*** Begin section ***

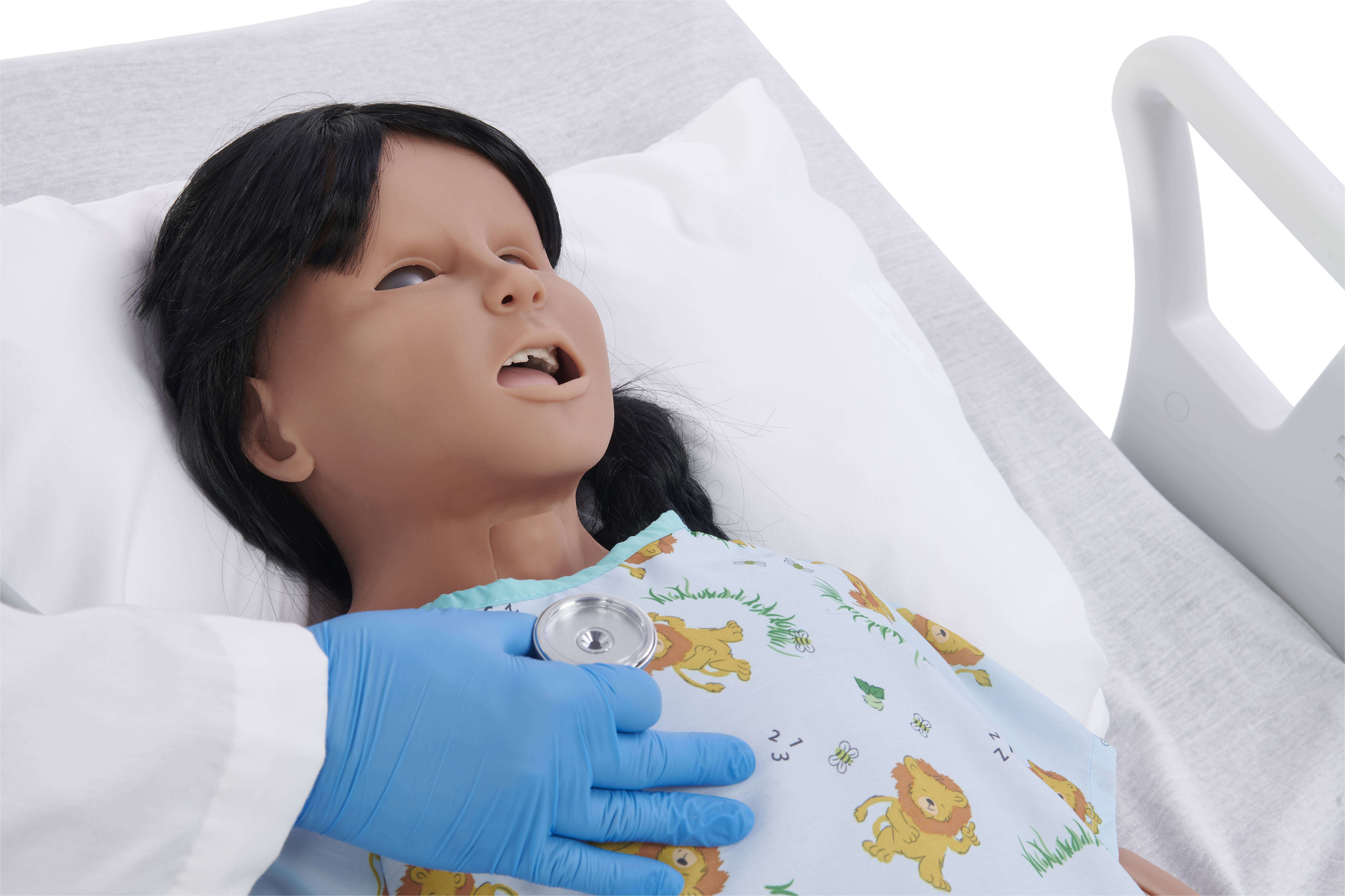 阿雅模拟一个6-7岁的孩子,其涵盖最常见和紧张的儿科急救场景,如药物过量或枪击受伤。学生和医疗专业人员可以在一个无风险的环境中进行评估,应用临床决策,并提供医疗干预措施,帮助他们做好应对真实临床的准备。
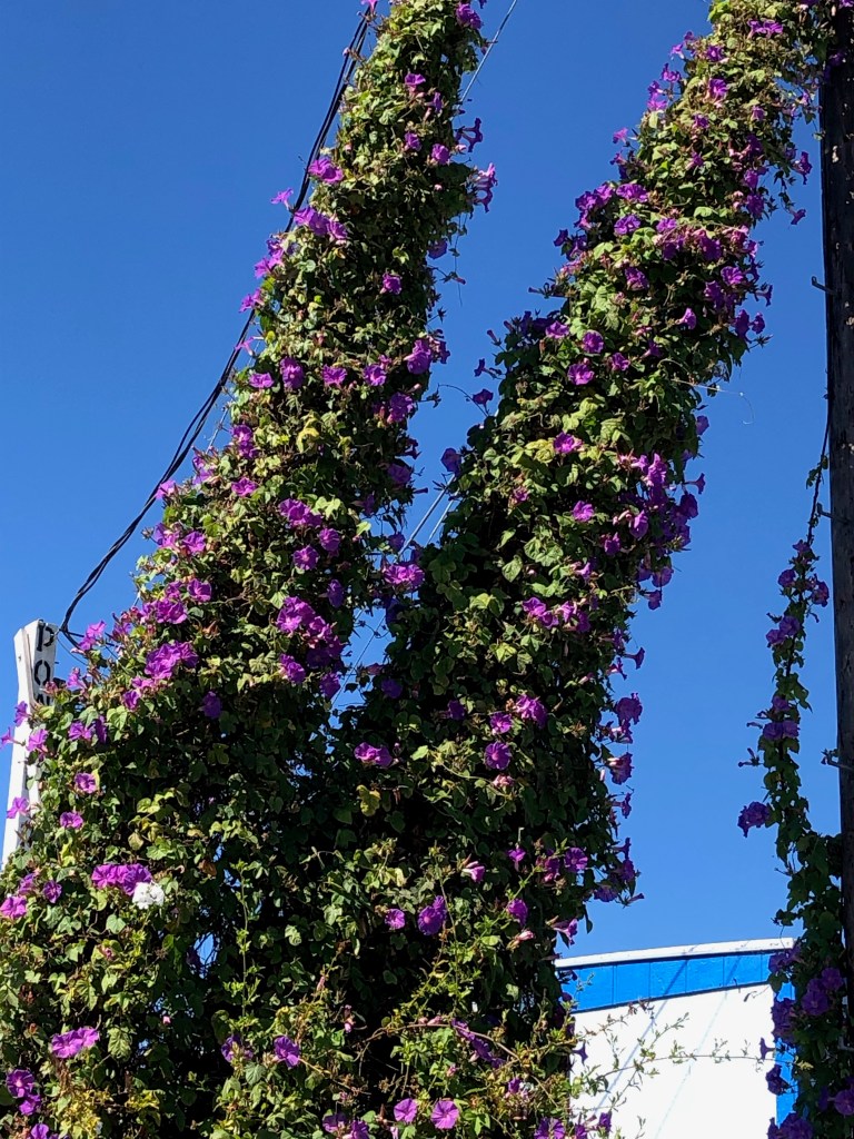 Then I saw this vine climbing up two poles. Nature is amazing. We are nature. Our democracy is threatened right now and we can ignore what distracts and keep climbing toward the nourishment of the sun, which when the skies aren’t polluted, we see. Clean air. Yum!
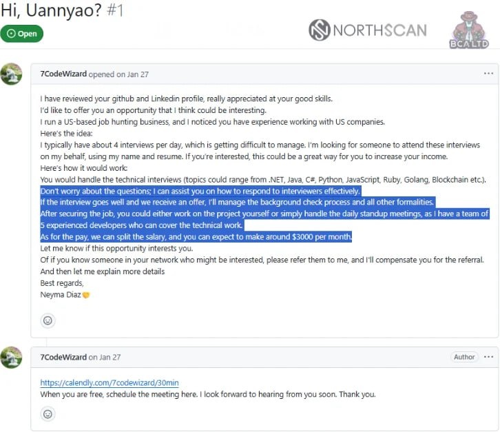 #news Исследователи заманили северокорейского рекрутера в ханипот. Товарищ из Лучшей Кореи отвечает за рекрутинг айтишников из западных стран, чтобы те сдавали свои идентичности в аренду, под которыми затем работают IT-солдаты. Подопытный, конечно, интересный. По GitHub и другим ресурсам идёт спам с предложением заработать участием в собеседованиях, пример на скрине. За этим стоит рекрутинг в подставные лица Lazarus и компании: соучастники сдают в аренду свои ID, банковские счета и доступ к устройствам. Рекрутер попал на камеру, а затем и в ханипот, в котором за ним наблюдали в естественной среде обитания. Попутно крашили песочницы, отключали бедолаге интернет и закидывали его в часовые лупы по решению капчи — в общем, развлекались и оттягивали неизбежное как могли. Всё это записали и закинули в отчёт. По итогам у нас редкий инсайд в работу северокорейских IT-братушек. При этом никаких “Молодец, рядовой! В твоём лице я ясно читаю дух Чучхе!” Обычный корейский айтишник. @tomhunter
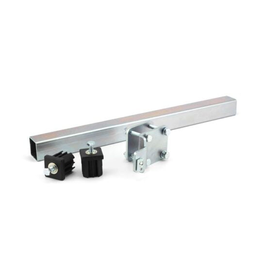 Deze montageset bestaat uit een koker 40×40 met een lengte van 500 mm die u zelf op de juiste lengte dient af te korten. Deze koker wordt voorzien van inslagdoppen met M8 inwendige schroefdraad die tussen de liggers van de bestaande baan dient te worden bevestigd. Dit gebeurd door middel van 2 boorgaten t.b.v. de M8 bouten die in de inslagdoppen worden vastgezet. Op deze koker wordt een lage profielsteun gemonteerd met behulp van de montageplaat en bouten, waarna het aluminium geleideprofiel op de lage profielsteun gemonteerd kan worden en in lijn gezet wordt met de materiaaldoorvoer.
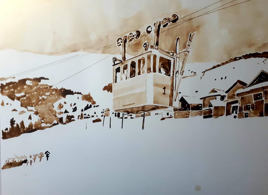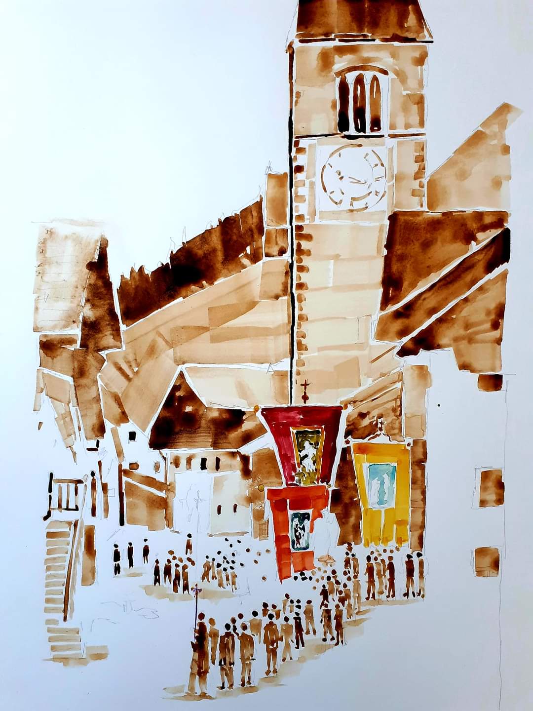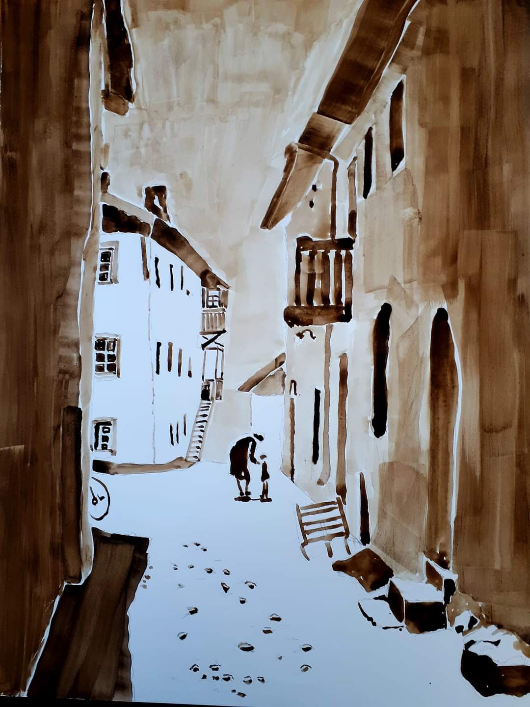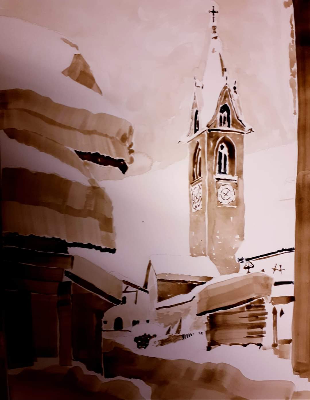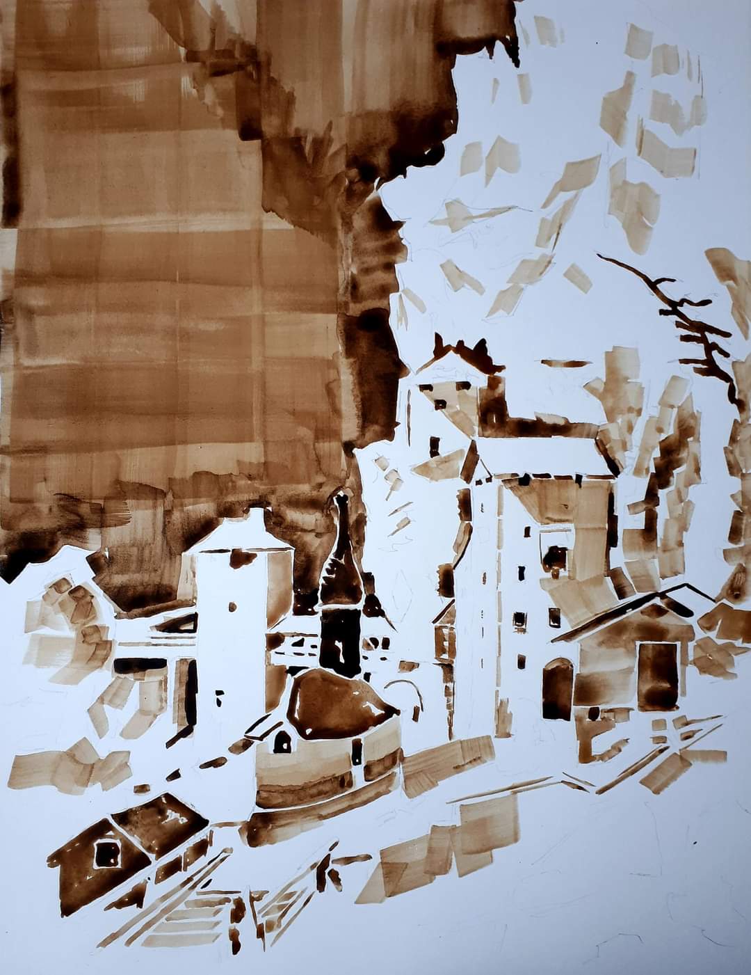 Dorfeinfahrt von Fliess im Jahre 1977 | 60×50cm

*** End section ***

▸ Assignment
Each line from the top of the records through the one containing "Then I saw this" needs to be transcribed exactly, without pictures.

▸ Task output
 阿雅模拟一个6-7岁的孩子,其涵盖最常见和紧张的儿科急救场景,如药物过量或枪击受伤。学生和医疗专业人员可以在一个无风险的环境中进行评估,应用临床决策,并提供医疗干预措施,帮助他们做好应对真实临床的准备。
 Then I saw this vine climbing up two poles. Nature is amazing. We are nature. Our democracy is threatened right now and we can ignore what distracts and keep climbing toward the nourishment of the sun, which when the skies aren’t polluted, we see. Clean air. Yum!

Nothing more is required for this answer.